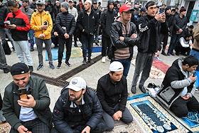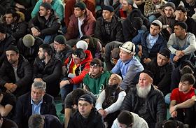 Праздничные мероприятия в день Ураза Байрам в Московской Соборной мечети. Верующие перед началом…
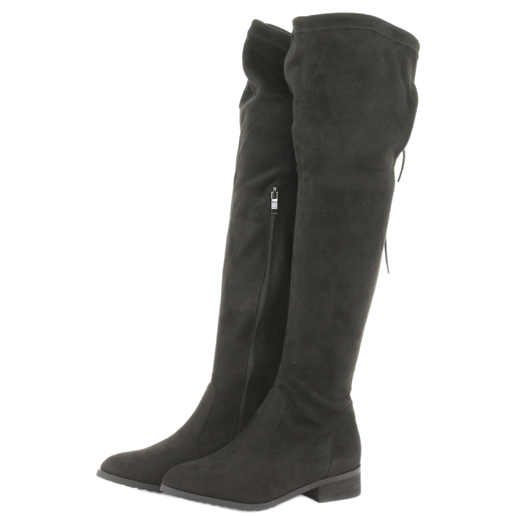 Nous vous invitons à découvrir les cuissardes uniques M.Daszyński, modèle 1602, qui allient élégance et confort. Ces longues bottes noires sont réalisées dans une matière textile sous forme de daim extensible, qui s'adapte parfaitement à la forme de la jambe, soulignant ses lignes et ajoutant de l'élégance.
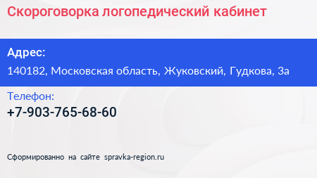 Скороговорка, логопедический кабинет по адресу 140182, Московская область, Жуковский, Гудкова, 3а в дальнейшем Организация, размещена в следующих категориях:
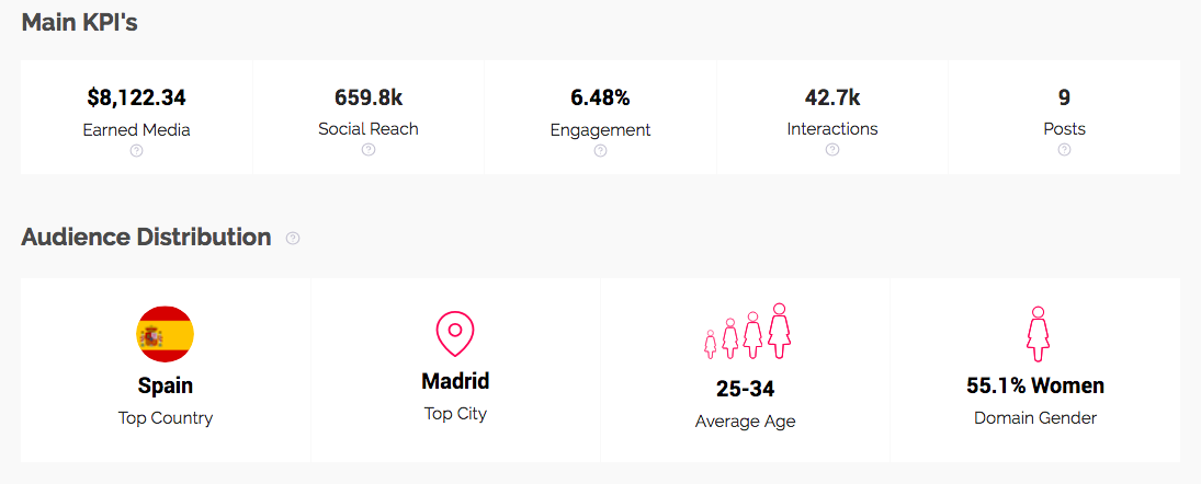 Los KPI’s más destacados de esta campaña que hemos podido analizar gracias al software de Influencity, la campaña está alcanzando más de 8,000.00$ y más de un 6% de engagement . Por lo que, por el momento, la campaña está siendo todo un éxito.

Exercise goal - Repeat the listing verbatim, pictures excluded.

Answer for the task -
 Праздничные мероприятия в день Ураза Байрам в Московской Соборной мечети. Верующие перед началом…
 Nous vous invitons à découvrir les cuissardes uniques M.Daszyński, modèle 1602, qui allient élégance et confort. Ces longues bottes noires sont réalisées dans une matière textile sous forme de daim extensible, qui s'adapte parfaitement à la forme de la jambe, soulignant ses lignes et ajoutant de l'élégance.
 Скороговорка, логопедический кабинет по адресу 140182, Московская область, Жуковский, Гудкова, 3а в дальнейшем Организация, размещена в следующих категориях:
 Los KPI’s más destacados de esta campaña que hemos podido analizar gracias al software de Influencity, la campaña está alcanzando más de 8,000.00$ y más de un 6% de engagement . Por lo que, por el momento, la campaña está siendo todo un éxito.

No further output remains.